:: What you need to do ::
Print the listing from its top line through the line containing "日本語能力の向上、マナーの養", nothing more, and leave out the pictures.

:: Data block ::
--*--
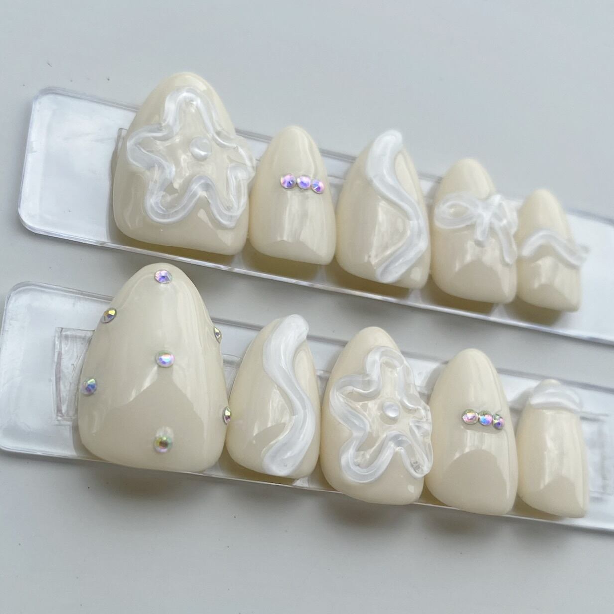 お爪のサイズにより、パーツなどが乗せきれない場合、少し変更になる可能性があります。
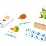 Kocka po kocke. Písanie je jednoduchá vzdelávacia hra pre najmenšie deti, ktorá podporuje učenie písania a čítania. Zo sady ŠIESTICH kociek je potrebné vytvoriť rady troj-, štvor-, päť- alebo šesťpísmenových slov, ktoré opisujú obrázky zobrazené na kartách. Hra, ktorá podporuje deti pri rozpoznávaní písmen a skladaní slov z nich. Pomáha rozvíjať slovnú zásobu, precvičovať sústredenie a rýchle myslenie.
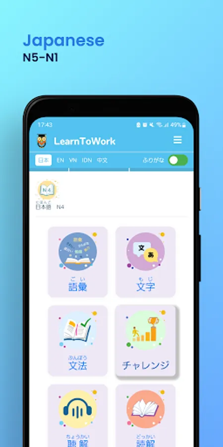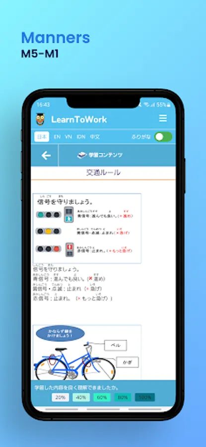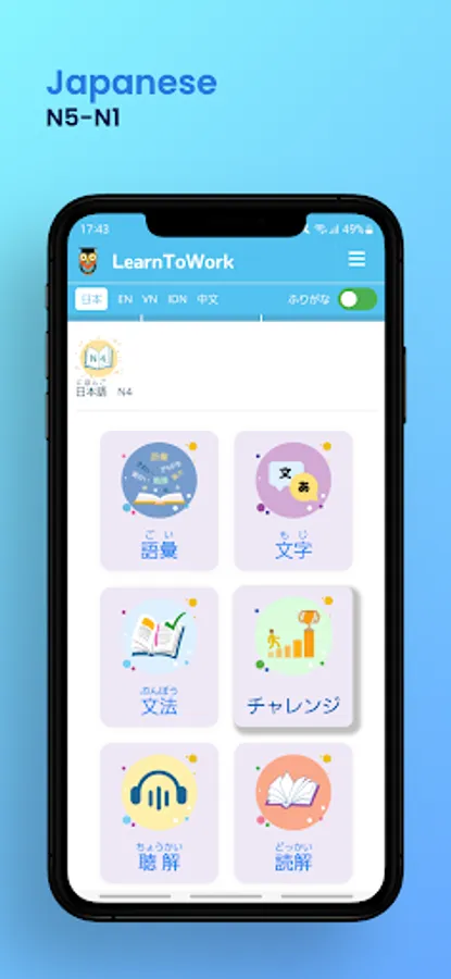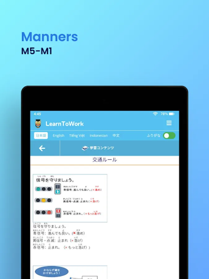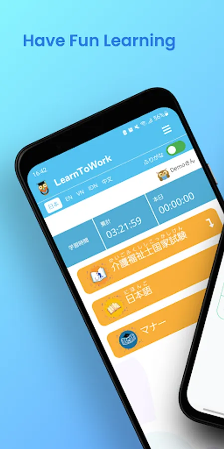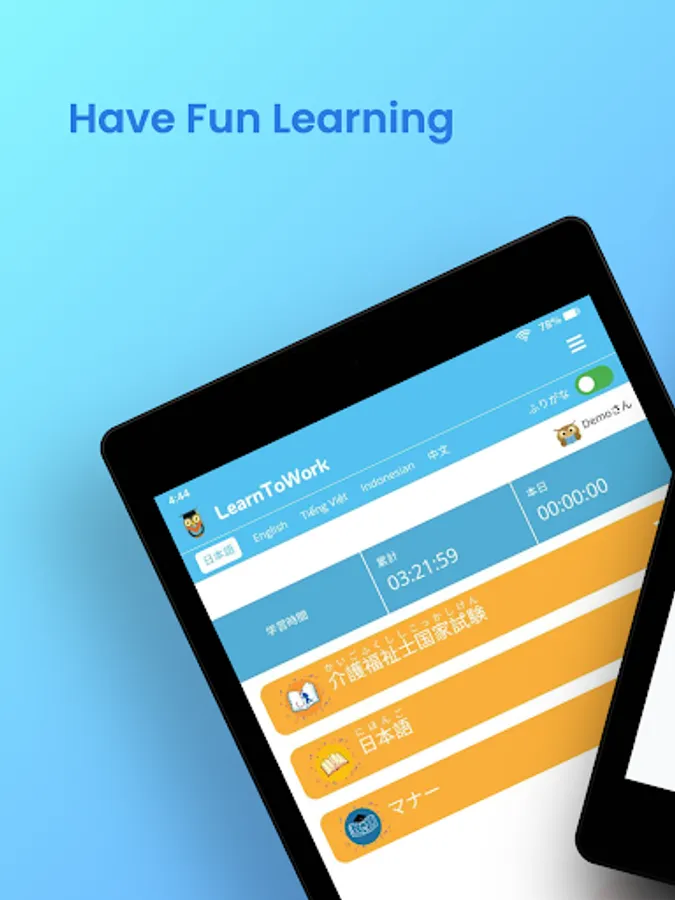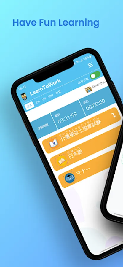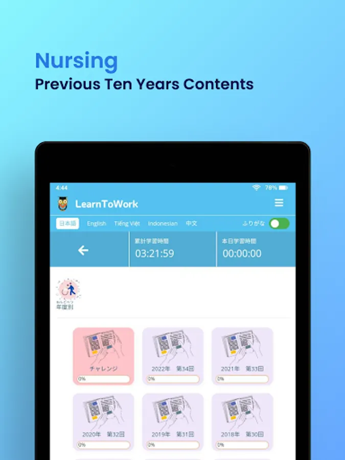 日本語能力の向上、マナーの養成、そして介護福祉士国家試験のサポートを目的としたアプリ
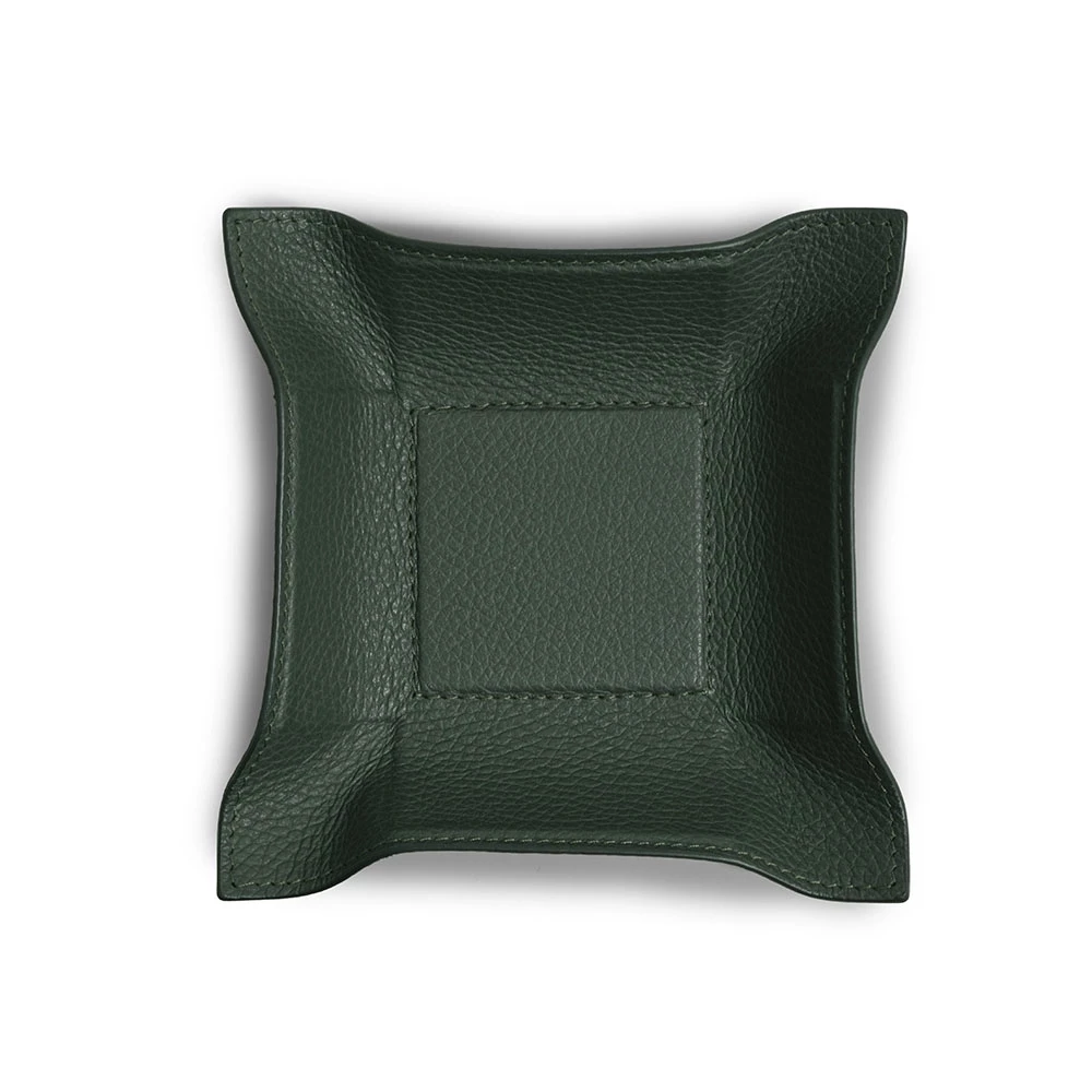 Dieser hochwertige Taschenleerer aus geprägtem Kalbsleder mit Hirsch-Optik dient als zeitlose und stilvolle Ablagefläche für Schlüssel, Schmuck, Accessoires oder andere Kleinigkeiten. Ganz gemäß dem Vorbild einer Vide-Poche (Französisch: „leere Tasche“), einem in stilvollen Haushalten von Paris bis Berlin etablierten Interior-Accessoire, bewahrt er den Tascheninhalt auf, bis dieser wieder zum Einsatz kommt. Die Lederablage wird nach unseren Vorgaben und in traditioneller Handarbeit in einer kleinen Manufaktur für Lederwaren in Italien gefertigt – mit handwerklichem Geschick und dem Sinn für das beste Material. Der Rand des Accessoiretrays kann dank einer in das Leder eingearbeiteten, dünnen Bleiplatte nach Belieben aufgestellt, formschön drapiert oder flach ausgebreitet werden. Für einen besonderen Kontrast sorgen die farblich abgesetzten Kanten. Das Format beträgt im flachen Zustand 15,0 x 15,0 cm, der stabile Boden im Inneren hat ein Format von 6,0 x 6,0 cm.
--*--
:: Written answer ::
 お爪のサイズにより、パーツなどが乗せきれない場合、少し変更になる可能性があります。
 Kocka po kocke. Písanie je jednoduchá vzdelávacia hra pre najmenšie deti, ktorá podporuje učenie písania a čítania. Zo sady ŠIESTICH kociek je potrebné vytvoriť rady troj-, štvor-, päť- alebo šesťpísmenových slov, ktoré opisujú obrázky zobrazené na kartách. Hra, ktorá podporuje deti pri rozpoznávaní písmen a skladaní slov z nich. Pomáha rozvíjať slovnú zásobu, precvičovať sústredenie a rýchle myslenie.
 日本語能力の向上、マナーの養成、そして介護福祉士国家試験のサポートを目的としたアプリ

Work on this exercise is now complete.